# Fallout 3 GotYE DLC's lassen sich nicht von DVD 2 installieren



## zeugs8472 (14. August 2012)

Hab mir heut im Saturn die Fallout 3 Game of the Year Edition für 10€ gekauft und wollt ich vor ner Stunde installiern. DVD1 wo Fallout drauf is ging 1wandfrei zu installieren, dann DVD2 ins Laufwerk getan (is in Bluray Brenner also nix altes[ca halbes Jahr alt]) und gewartet doch nix passierte außer das er auf der DVD rumgerattert hat. In Explorer gegange und Manuell starten ging ah net da hat sich jedesmal der Explorer aufgehangen.Habs auch in meinen anderen 2 DVD Brennern ausprobiert hat aber genauso wenig funktioniert. Laut Google konnt ich feststellen das ne menge ander Leute das selbe Problem haben aber nen richtigen Lösungsansatz hab ich noch net finden können.

Danke für Hilfe im Vorraus.


----------



## Shadow_Man (14. August 2012)

Du erhältst also gar keinen Zugriff auf deine DVD? Falls es doch geht, versuch doch mal den ganzen Inhalt auf deine Festplatte zu kopieren und installier es von dort.
Falls das alles nicht gehen sollte, dann befürchte ich, dass die DVD bzw. die Daten darauf beschädigt sind.


----------



## zeugs8472 (14. August 2012)

Unter Win7 komm ich gar net auf die DVD unter XP (zum Glück hab ichs noch drauf man weiß ja nie) Gehts zwar auch net zu Installieren aber er kopierts gerade hängt aber seit 10min schon bei "Restdauer:10 Sekunden" langsam nervts. So wie ich das mit bekommen habe würde mir Umtauschen nix bringen da ich google sei dank festellen konnte das auch andere Leute dieses Prob haben und es wäre doch sehr dreißt defekte DVDs in den Handel zu bringen, bzw sind die alle so.


----------



## MisterSmith (14. August 2012)

Ich habe mir auch vor kurzem die F3 GotY Edition gekauft, hatte aber ein anderes Problem. Nachdem die DVD automatisch gestartet hatte, über die Gamelauncher.exe, kam eine Meldung das Securom eine Emulation festgestellt hat, ich habe aber nicht einmal Programme installiert, die so etwas könnten.
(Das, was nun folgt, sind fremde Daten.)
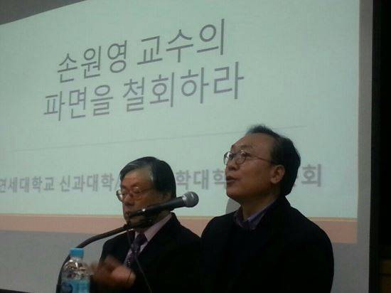 연세대 신학과 및 연합신학대학원 동문회는 24일 오후 4시 서울 연세대 신학관 105호에서 기자간담회를 열고 "서울기독대는 손원영 교수의 파면을 철회하라"고 촉구했다.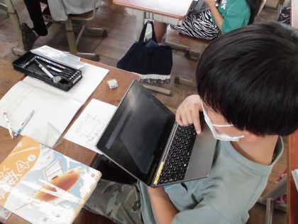 垂直な直線や平行な直線のかき方を使って,長方形をかきました。また,かいたことをロイロノートを使って伝え合いました。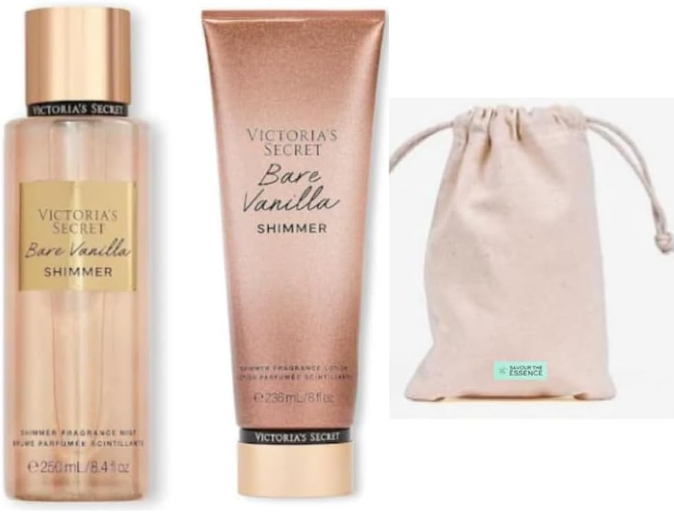 VS Bare Vanilla Body Spray Shimmer and Lotion Shimmer Gift Set for Women - Savo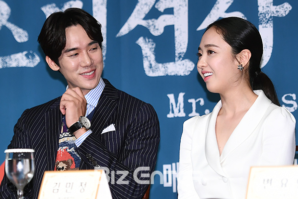배우 유연석, 김민정이 26일 오후 서울 강남구 파티오나인에서 열린 tvN 주말드라마 ‘미스터 션샤인’(극본 김은숙, 연출 이응복) 제작발표회에 참석해 질의응답 시간을 갖고 있다.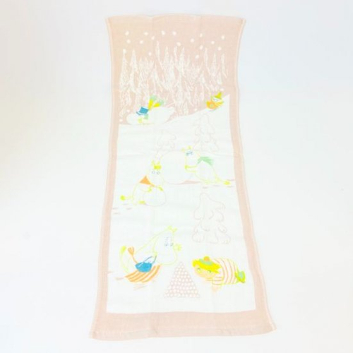 雪とたわむれるムーミンたちのデザインも、ご紹介♪カラーも淡いベージュとホワイトで、清潔感もあります。

Ich habe dann einfach manuell die Setup.exe gestartet. Und dann die zweite DVD eingelegt und ich glaube ebenfalls über Setup.exe die ganzen DLCs installiert.

Bei der DVD 2 hat aber wirklich etwas nicht gestimmt, die Geräusche die mein Laufwerk gemacht hat, klangen nicht sehr gesund, so als ob irgendetwas schleift.
Ich habe aber zum Glück ein DVD-Laufwerk mit einer hervorragenden Fehlerkorrektur, ich glaube bei einem schlechteren hätte ich möglicherweise die DLCs nicht installieren können.


----------



## zeugs8472 (14. August 2012)

Also es liegt net an der DVD sondern an der install .exe für die DLCs. Win 7 kommt net so richtig damit klar hab se über winXP auf de Festplatte kopiert über win XP kann ich die datei auch starten. In Win 7 hängt sich mal wieder der Explorer auf sobalt ich in dem Ordner klicke wo ich die Datei hinkopiert habe denke also das Problem liegt an Win7. Laut Verpackung ist Fallout GotY E auch nur für WinXP und Win Vista geeignet?! Ich installier jetzt Fallout auf WinXP und dann die DLCs mal schauen haupstache ich kanns zocken da is mir egal über welches Betriebssystem Geprießen sei das gute Alte XP


----------